Your answer must be an exact copy of the data below, minus any pictures.
'''
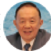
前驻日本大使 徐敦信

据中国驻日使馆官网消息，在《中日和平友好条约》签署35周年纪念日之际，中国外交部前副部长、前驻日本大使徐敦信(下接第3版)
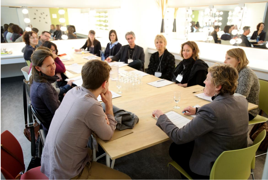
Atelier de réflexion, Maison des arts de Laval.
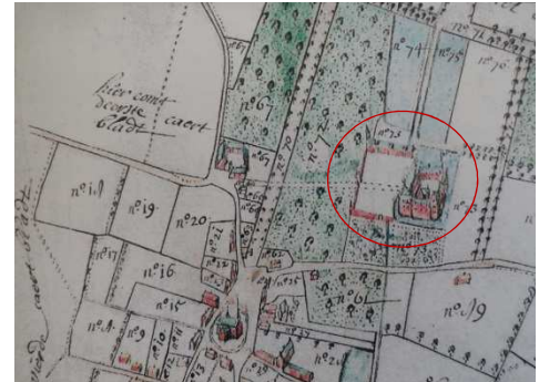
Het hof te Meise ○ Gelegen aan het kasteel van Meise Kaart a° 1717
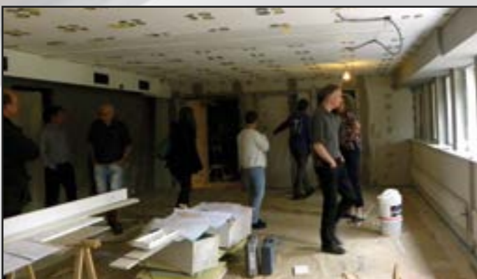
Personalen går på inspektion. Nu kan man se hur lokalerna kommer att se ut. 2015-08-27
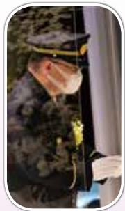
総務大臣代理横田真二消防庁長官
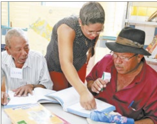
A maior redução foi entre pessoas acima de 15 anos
'''
Solution to this exercise ->
前驻日本大使 徐敦信

据中国驻日使馆官网消息，在《中日和平友好条约》签署35周年纪念日之际，中国外交部前副部长、前驻日本大使徐敦信(下接第3版)
Atelier de réflexion, Maison des arts de Laval.
Het hof te Meise ○ Gelegen aan het kasteel van Meise Kaart a° 1717
Personalen går på inspektion. Nu kan man se hur lokalerna kommer att se ut. 2015-08-27
総務大臣代理横田真二消防庁長官
A maior redução foi entre pessoas acima de 15 anos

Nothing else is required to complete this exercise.